Copy the lines below exactly. No picture goes into the copy.

■ **RECORDED DATA**
*** Begin section ***

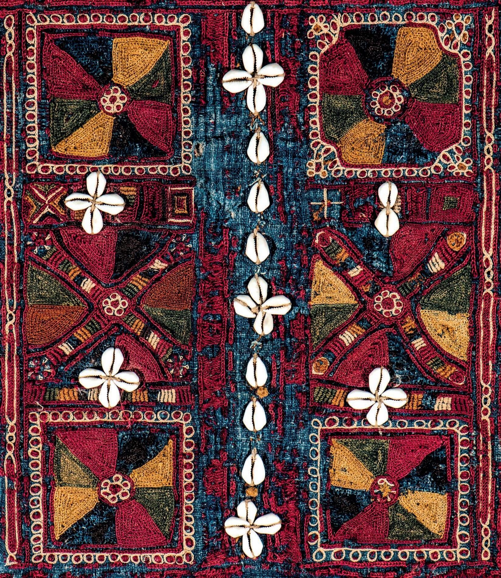 Cotton plain-weave ground with embroidery in cotton and wool thread in chain-stitch, raised satin stitch and herringbone stitch, applied cowrie shells
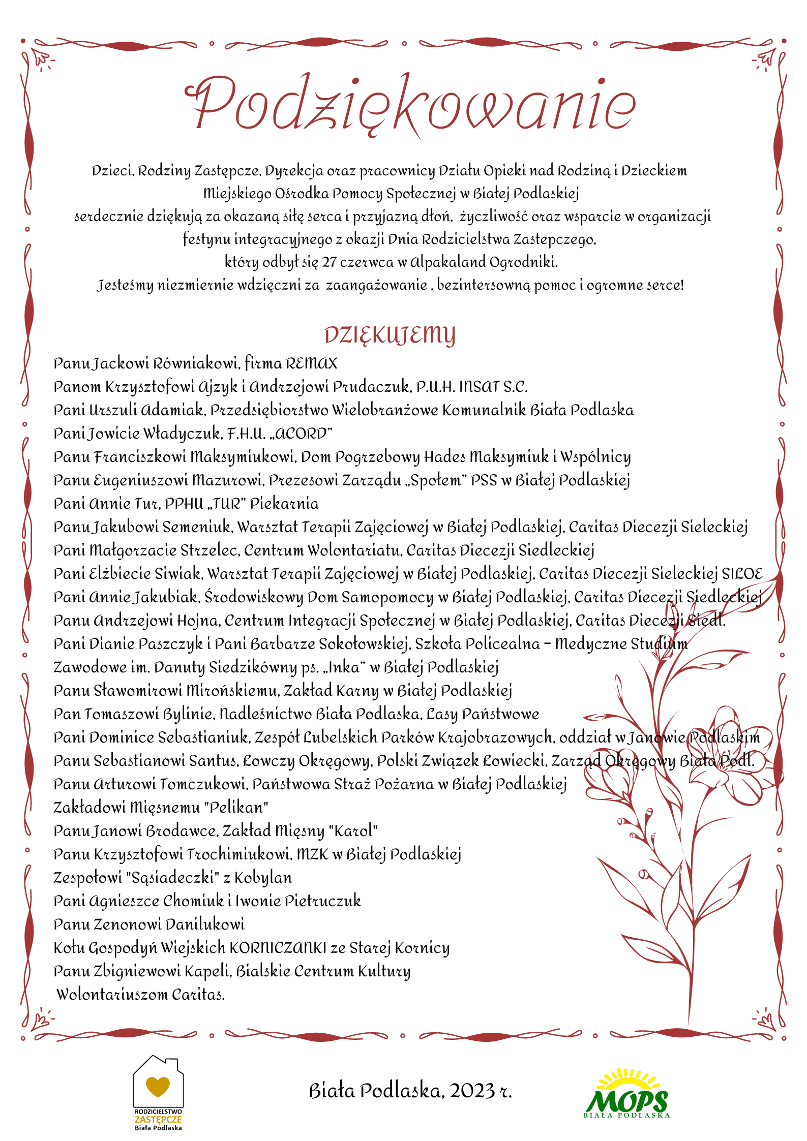 Dział Opieki nad Rodziną i Dzieckiem Miejskiego Ośrodka Pomocy Społecznej w Białej Podlaskiej składa serdeczne podziękowania Patronom oraz Darczyńcom za ogromne serce, życzliwość i okazane wsparcie, które przyczyniło się do organizacji festynu z okazji Dnia Rodzicielstwa Zastępczego w Studziance.
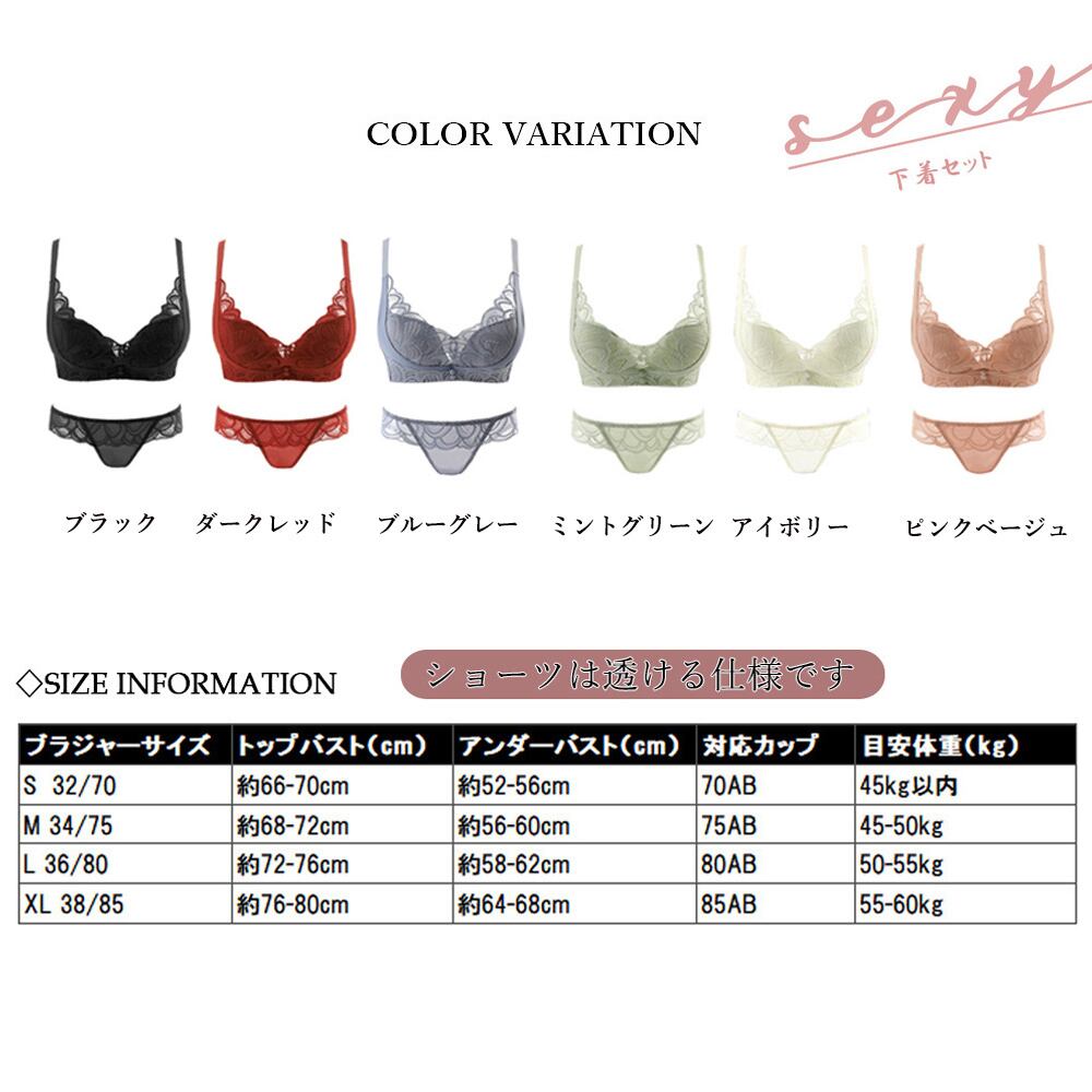 素材:ナイロン80%+ポリウレタン20%カラー:ブラック/アイボリー/ピンクベージュ/ブルーグレー/ダークレッド/ミントグリーンサイズブラジャー:[S]32/70 70AB トップバスト:約66-70cm アンダーバスト:約52-56cm[M]34/75 75AB トップバスト:約68-72cm アンダーバスト:約56-60cm[L]36/80 80AB トップバスト:約72-76cm アンダーバスト:約58-62cm[XL]38/85 85AB トップバスト:約76-80cm アンダーバスト:約64-68cmショーツ:(全サイズ共通)[S/M/L/XL]股上:約18cm ウエスト:約58-80cm ヒップ:約62-94cm●仕様:3/4カップ、ホック3列4段階調節、肩紐取外し不可、ワイヤー:なし●効果:谷間づくり、ボリュームUP透け感:ショーツのみあり生産国:中国※すべて平置きサイズです(採寸方法違いより、多少の誤差がございますので、ご了承ください)。

*** End section ***

■ **FINISHED EXERCISE**
 Cotton plain-weave ground with embroidery in cotton and wool thread in chain-stitch, raised satin stitch and herringbone stitch, applied cowrie shells
 Dział Opieki nad Rodziną i Dzieckiem Miejskiego Ośrodka Pomocy Społecznej w Białej Podlaskiej składa serdeczne podziękowania Patronom oraz Darczyńcom za ogromne serce, życzliwość i okazane wsparcie, które przyczyniło się do organizacji festynu z okazji Dnia Rodzicielstwa Zastępczego w Studziance.
 素材:ナイロン80%+ポリウレタン20%カラー:ブラック/アイボリー/ピンクベージュ/ブルーグレー/ダークレッド/ミントグリーンサイズブラジャー:[S]32/70 70AB トップバスト:約66-70cm アンダーバスト:約52-56cm[M]34/75 75AB トップバスト:約68-72cm アンダーバスト:約56-60cm[L]36/80 80AB トップバスト:約72-76cm アンダーバスト:約58-62cm[XL]38/85 85AB トップバスト:約76-80cm アンダーバスト:約64-68cmショーツ:(全サイズ共通)[S/M/L/XL]股上:約18cm ウエスト:約58-80cm ヒップ:約62-94cm●仕様:3/4カップ、ホック3列4段階調節、肩紐取外し不可、ワイヤー:なし●効果:谷間づくり、ボリュームUP透け感:ショーツのみあり生産国:中国※すべて平置きサイズです(採寸方法違いより、多少の誤差がございますので、ご了承ください)。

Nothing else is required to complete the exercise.